Task →
Reproduce exactly the lines below from the one containing "LV wallet converted" through the one containing "Слайд 12Пубертатный период", including both, and nothing else.

Information supplied →
-=-=-

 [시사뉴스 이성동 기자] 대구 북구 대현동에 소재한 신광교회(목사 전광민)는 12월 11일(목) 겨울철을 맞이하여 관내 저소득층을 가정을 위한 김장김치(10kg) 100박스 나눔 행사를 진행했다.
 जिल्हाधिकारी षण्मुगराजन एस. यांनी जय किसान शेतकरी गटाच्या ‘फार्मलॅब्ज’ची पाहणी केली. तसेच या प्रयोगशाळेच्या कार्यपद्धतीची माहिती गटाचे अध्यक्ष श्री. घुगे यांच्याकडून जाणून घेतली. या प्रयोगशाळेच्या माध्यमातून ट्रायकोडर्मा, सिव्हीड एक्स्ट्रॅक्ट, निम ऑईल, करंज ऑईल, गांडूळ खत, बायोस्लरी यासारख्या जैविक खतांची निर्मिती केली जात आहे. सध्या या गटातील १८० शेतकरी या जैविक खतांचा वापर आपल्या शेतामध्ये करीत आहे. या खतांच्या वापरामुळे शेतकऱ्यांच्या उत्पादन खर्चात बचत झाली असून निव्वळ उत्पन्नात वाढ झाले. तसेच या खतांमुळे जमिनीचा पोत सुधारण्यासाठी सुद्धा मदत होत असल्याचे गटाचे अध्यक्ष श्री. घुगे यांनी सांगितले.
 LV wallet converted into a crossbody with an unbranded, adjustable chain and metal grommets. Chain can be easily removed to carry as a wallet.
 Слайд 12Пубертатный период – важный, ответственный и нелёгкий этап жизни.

-=-=-

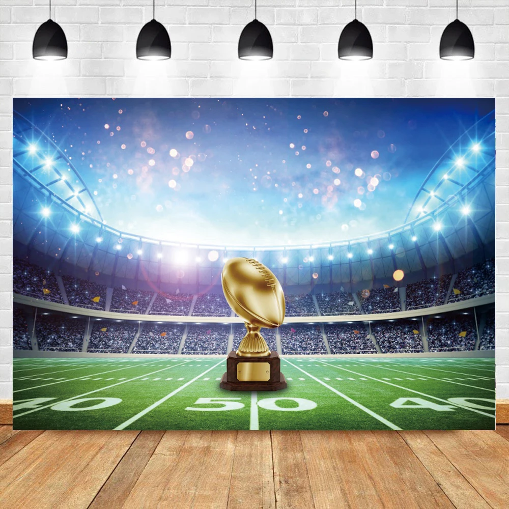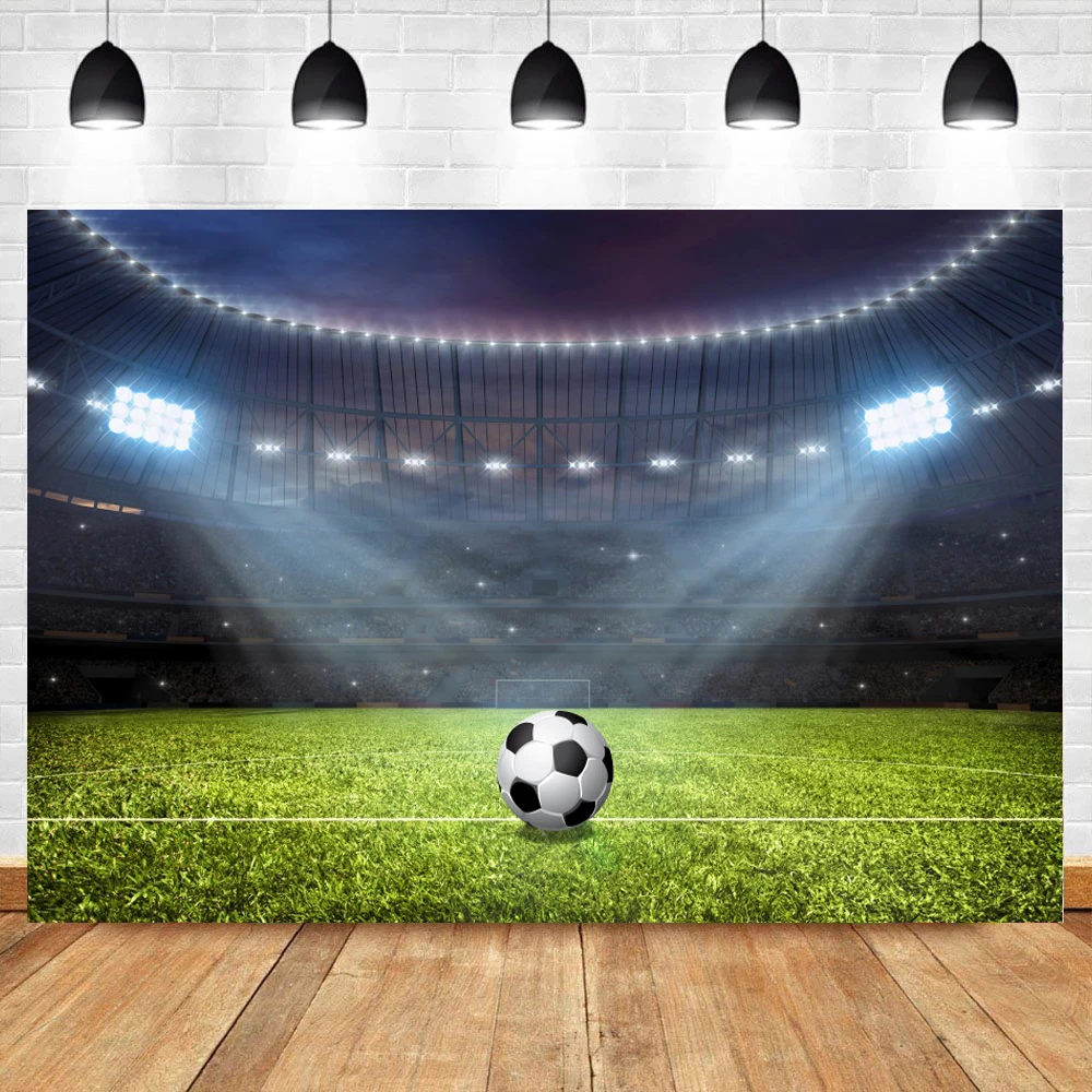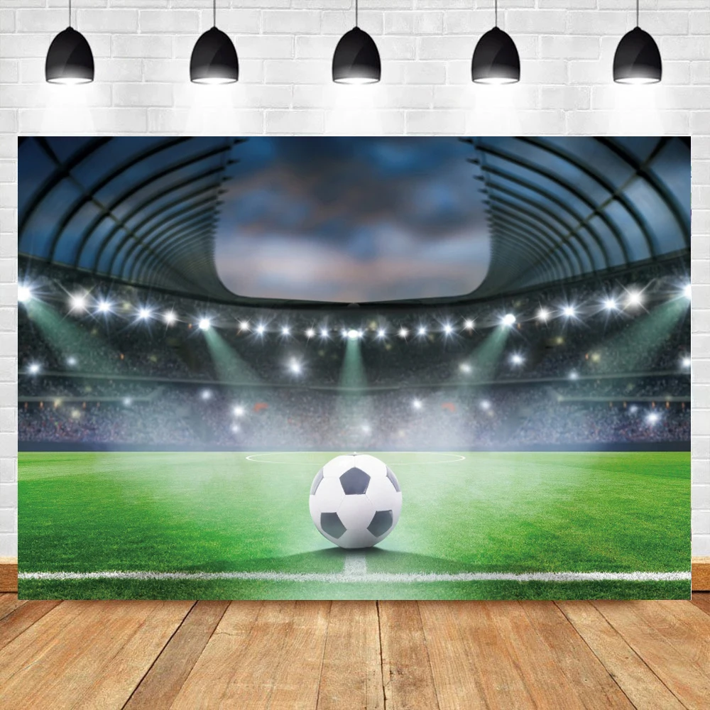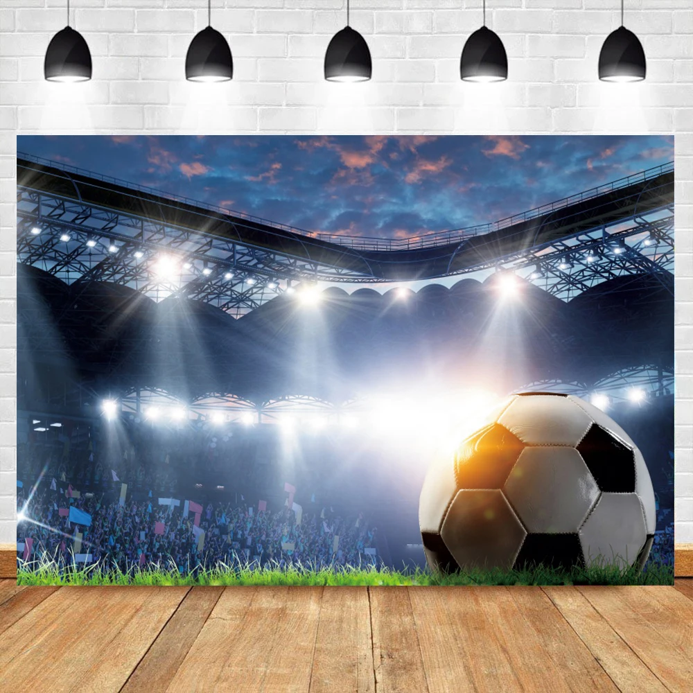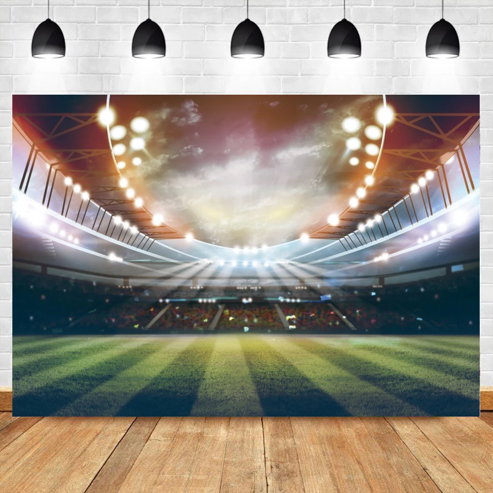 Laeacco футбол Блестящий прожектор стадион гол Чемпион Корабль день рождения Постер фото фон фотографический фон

-=-=-

Solution to this problem →
 LV wallet converted into a crossbody with an unbranded, adjustable chain and metal grommets. Chain can be easily removed to carry as a wallet.
 Слайд 12Пубертатный период – важный, ответственный и нелёгкий этап жизни.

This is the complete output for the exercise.